At Maruti Suzuki India’s annual general meeting in August 2021, shareholders wanted to know the company’s plans for the electric vehicles (EV) market. R C Bhargava, the chairman, said India’s largest passenger vehicles maker would enter EVs when it was “feasible to sell them in reasonable numbers” without “making losses”.
At that time, three companies had already entered the fray. Was Maruti going to drag its feet on EVs just as it had on the question of adopting diesel as a fuel and launching sports utility vehicles (SUVs), ceding crucial head starts to rivals? Maruti seemed to be betting more on hybrids, in conjunction with its global partner, Toyota, which has blazed the hybrid trail.
Maruti’s shareholders can breathe easy now. The company has set a target of up to 20 per cent of its sales being electric by the year 2030. Given its huge volumes, that translates into half a million EVs.
Starting 2025, Maruti will launch six EV models by 2030-31. It will continue to push for hybrids and alternative fuels, such as ethanol and biogas. But electric is now a strategic imperative. It may not be a coincidence that Toyota has raised its investments in electric.
“We will have at least six models and will start from the premium end, maybe with an SUV,” Bhargava told Business Standard in an interview last week.
Still, electric is not going to be a cakewalk for Maruti. Tata Motors is the early mover in the segment and has cornered 72 per cent of the market, having launched the Tiago, the country’s first mass-market electric car priced below Rs. 10 lakh. It plans to have at least 10 electric cars in its stable by 2030.
EVs, says Tata Motors, already constitute nearly 15 per cent of its sales and sees this rising to 25 per cent in 2027 and 50 per cent in 2030, the year in which Maruti’s best-case scenario is 20 per cent of its sales being electric.
Tata’s group chairman, N Chandrasekaran, says there is no reason why his passenger vehicles company cannot sell a million EVs a year by 2030 — twice the volume Bhargava envisions for Maruti — if the charging infrastructure keeps pace.
Close on Tata’s heels is its Indian compatriot, Mahindra and Mahindra, whose XUV400 has seen an impressive lift-off. Chinese-owned MG Motor has made a dent with its MG ZS, and its new offering, MG Comet, is gaining ground.
On the more expensive side, South Korea’s Hyundai has launched its second EV, the Ioniq 5, and its sister company, Kia, has used the same platform to launch the EV6. Hyundai has revamped its mobility strategy and aims to launch five EV models by 2032.

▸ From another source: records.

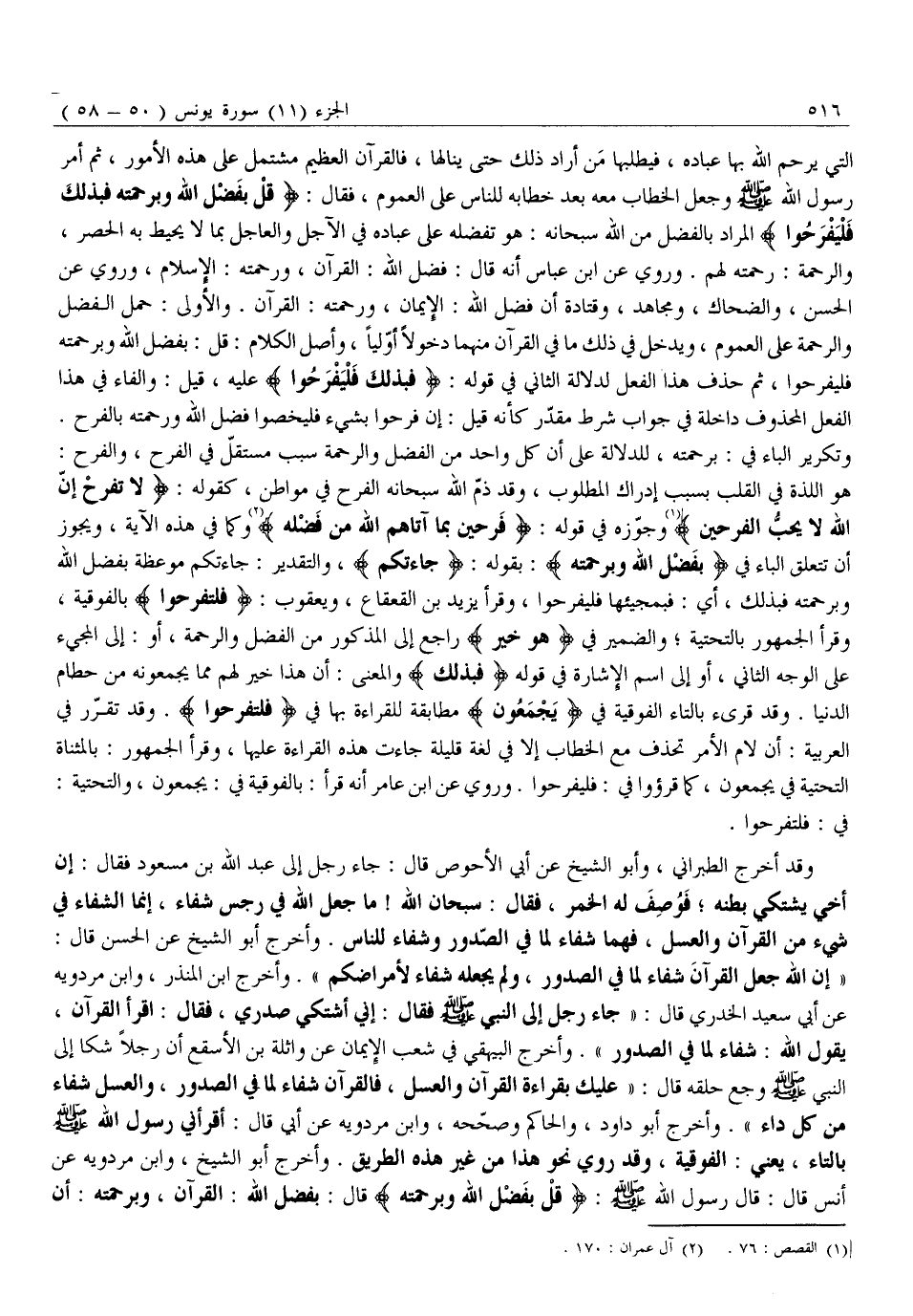 الَّتِي يَرْحَمُ اللَّهُ بِهَا عِبَادَهُ، فَيَطْلُبُهَا مَنْ أَرَادَ ذَلِكَ حَتَّى يَنَالَهَا، فَالْقُرْآنُ الْعَظِيمُ مُشْتَمِلٌ عَلَى هَذِهِ الْأُمُورِ، ثُمَّ أَمَرَ رَسُولَ اللَّهِ صَلَّى اللَّهُ عَلَيْهِ وَسَلَّمَ وَجَعَلَ الْخِطَابَ مَعَهُ بَعْدَ خِطَابِهِ لِلنَّاسِ عَلَى الْعُمُومِ، فَقَالَ: قُلْ بِفَضْلِ اللَّهِ وَبِرَحْمَتِهِ فَبِذلِكَ فَلْيَفْرَحُوا الْمُرَادُ بِالْفَضْلِ مِنَ اللَّهِ سُبْحَانَهُ: هُوَ تَفَضُّلُهُ عَلَى عِبَادِهِ فِي الْآجِلِ وَالْعَاجِلِ بِمَا لَا يُحِيطُ بِهِ الْحَصْرُ، وَالرَّحْمَةُ: رَحْمَتُهُ لَهُمْ. وَرُوِيَ عَنِ ابْنِ عَبَّاسٍ أَنَّهُ قَالَ: فَضْلُ اللَّهِ: الْقُرْآنُ، وَرَحْمَتُهُ: الْإِسْلَامُ، وَرُوِيَ عَنِ الْحَسَنِ، وَالضَّحَّاكِ، وَمُجَاهِدٍ، وَقَتَادَةَ أَنَّ فَضْلَ اللَّهِ: الْإِيمَانُ، وَرَحْمَتَهُ: الْقُرْآنُ. وَالْأَوْلَى: حَمْلُ الْفَضْلِ وَالرَّحْمَةِ عَلَى الْعُمُومِ، وَيَدْخُلُ فِي ذَلِكَ مَا فِي الْقُرْآنِ مِنْهُمَا دُخُولًا أَوَّلِيًّا، وَأَصْلُ الْكَلَامِ: قُلْ: بِفَضْلِ اللَّهِ وَبِرَحْمَتِهِ فَلْيَفْرَحُوا، ثُمَّ حُذِفَ هَذَا الْفِعْلُ لِدَلَالَةِ الثَّانِي فِي قَوْلِهِ: فَبِذلِكَ فَلْيَفْرَحُوا عَلَيْهِ، قِيلَ: وَالْفَاءُ فِي هَذَا الْفِعْلِ الْمَحْذُوفِ دَاخِلَةٌ فِي جَوَابِ شَرْطٍ مُقَدَّرٍ كَأَنَّهُ قِيلَ: إِنْ فَرِحُوا بِشَيْءٍ فَلْيَخُصُّوا فَضْلَ اللَّهِ وَرَحْمَتَهُ بِالْفَرَحِ.
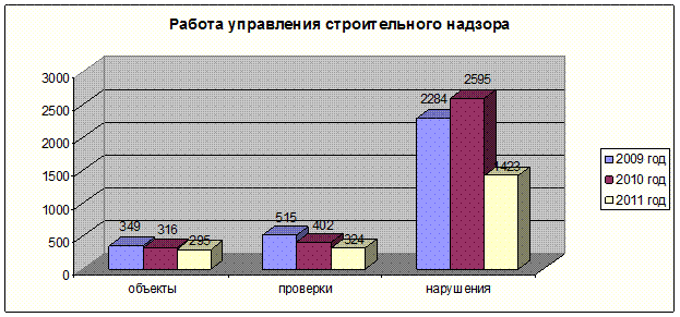 В сфере строительного надзора Службой за 1 полугодие 2011 года проверено 295 объектов капитального строительства, проведено 324 проверки (в I полугодии 2010 года - 402 проверки) строящихся объектов на территории Иркутской области, выявлено 1423 нарушения (в I полугодии 2010 года - 2595 нарушений) градостроительного законодательства.
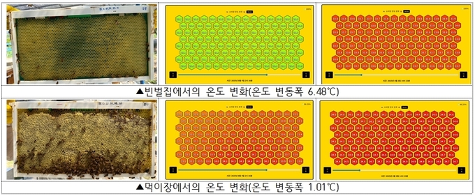 꿀벌이 안정적으로 겨울을 나려면 월동 벌무리의 온도 관리가 중요하다. 꿀, 꽃가루가 들어 있는 벌집인 먹이장 단열효과를 연구한 결과, 꿀을 채워 넣은 먹이장은 빈 벌집보다 내부 온도 변동이 적어 겨울철에 안정적으로 온도를 유지하는 것으로 나타났다. 이에 따라 농가에서는 겨울철에 활용할 수 있도록 보온용 먹이장을 충분히 확보해야 한다.
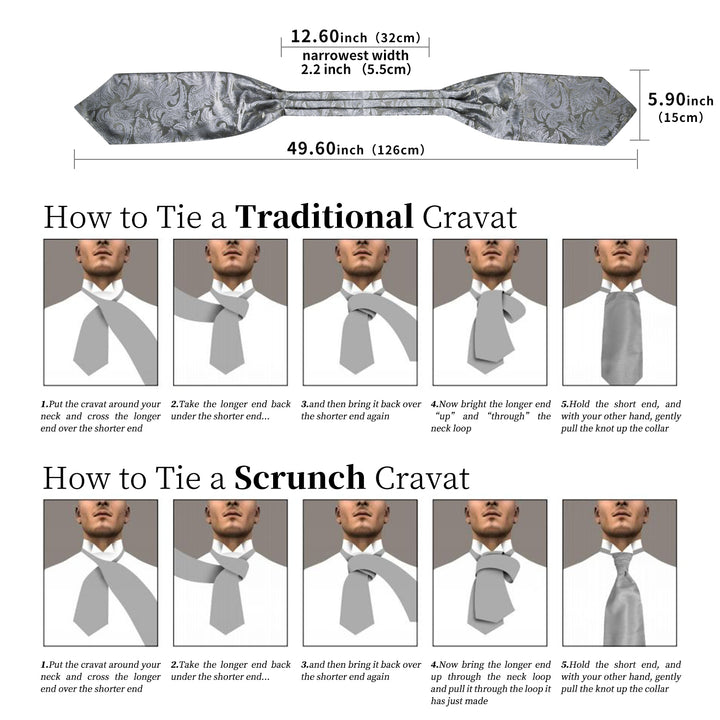Regular Size: Ascot: 6.1" (15.5cm) wide, 2.17" (5.5cm) broad, 49.6" (126cm) length; Pocket Square: 9" x 9" (23cm x 23cm)
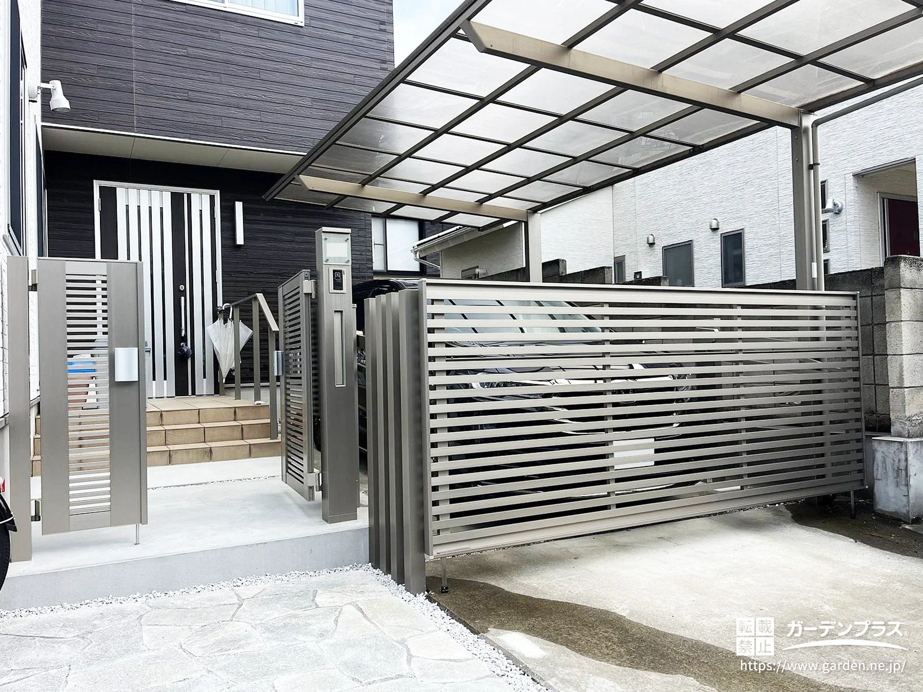 2台目の車の購入を見据え、これまで庭として使っていたスペースを思い切って駐車場へとリフォームしました。カーゲートや門まわりをセットバックし、出入りのしやすい動線を確保することで、スムーズに駐車が可能に。限られたスペースでも、空間の使い方やレイアウトを工夫することで“停めやすさ”と“安心感”を両立しています。さらにアプローチには乱形石を敷き、車が通っても問題ない強度を持ちながら、玄関まわりに自然な表情と高級感をプラス。暮らしの変化に寄り添い、使いやすさが一段と高まる外構に生まれ変わりました。

In Maruti’s favour is the fact that these are still the early days for EVs in India. Tata Motors’ 72 per cent share is of a market that saw a mere 48,000 vehicles sold in the first half of this year, about 2 per cent of all passenger vehicles sold.
The prospects, though, are enticing. The ratio of electric to total passenger vehicle sales in the country is projected to rise from just 1 per cent in 2022 to 19 per cent in 2030.
“Currently, there are very few models in the market for electric cars and even the sub-Rs. 10 lakh cars have small volumes. There is very little choice for customers. We think this scenario will change in the next three years,” says Bhargava. But Maruti is not the only one that would be eyeing these prospects.
Hyundai Motor India’s managing director, Unsoo Kim, says he wants to be the number one EV player in India. The EV transformation in India, he says, has exceeded expectations and the conversion to electric will be faster than even in the United States.
But Kim, like everyone else, has to negotiate the odds.
S&P Global says moving fast into EV production erodes margins, as sales volumes are still low, research and development costs are high, and significant investment is needed to upgrade production platforms dedicated to EVs. That is why many Chinese EV companies are in the red, though China is a world leader in EVs.
Though the Indian government is pushing electric, Maruti hopes it will give the same tax treatment to hybrids as to EVs. For now, the company is putting together a supply chain that will help it control cost and quality. The charging infrastructure, too, needs to grow manifold.
Battery production and costs need to come under control. Batteries account for 30 to 40 per cent of the cost of electric cars.
Tata Group recently announced it would put up a battery plant. Hyundai says it might look for a joint venture with a battery company.
Suzuki Motor Corporation, Maruti’s parent, is putting up a lithium-ion battery plant on its own with an investment of Rs. 7,300 crore.
“We will have enough demand of our own to use its entire supply,” says Bhargava.
That statement is not to be taken lightly. Remember what happened to the diesel and SUV markets when Maruti, a late entrant, upended it.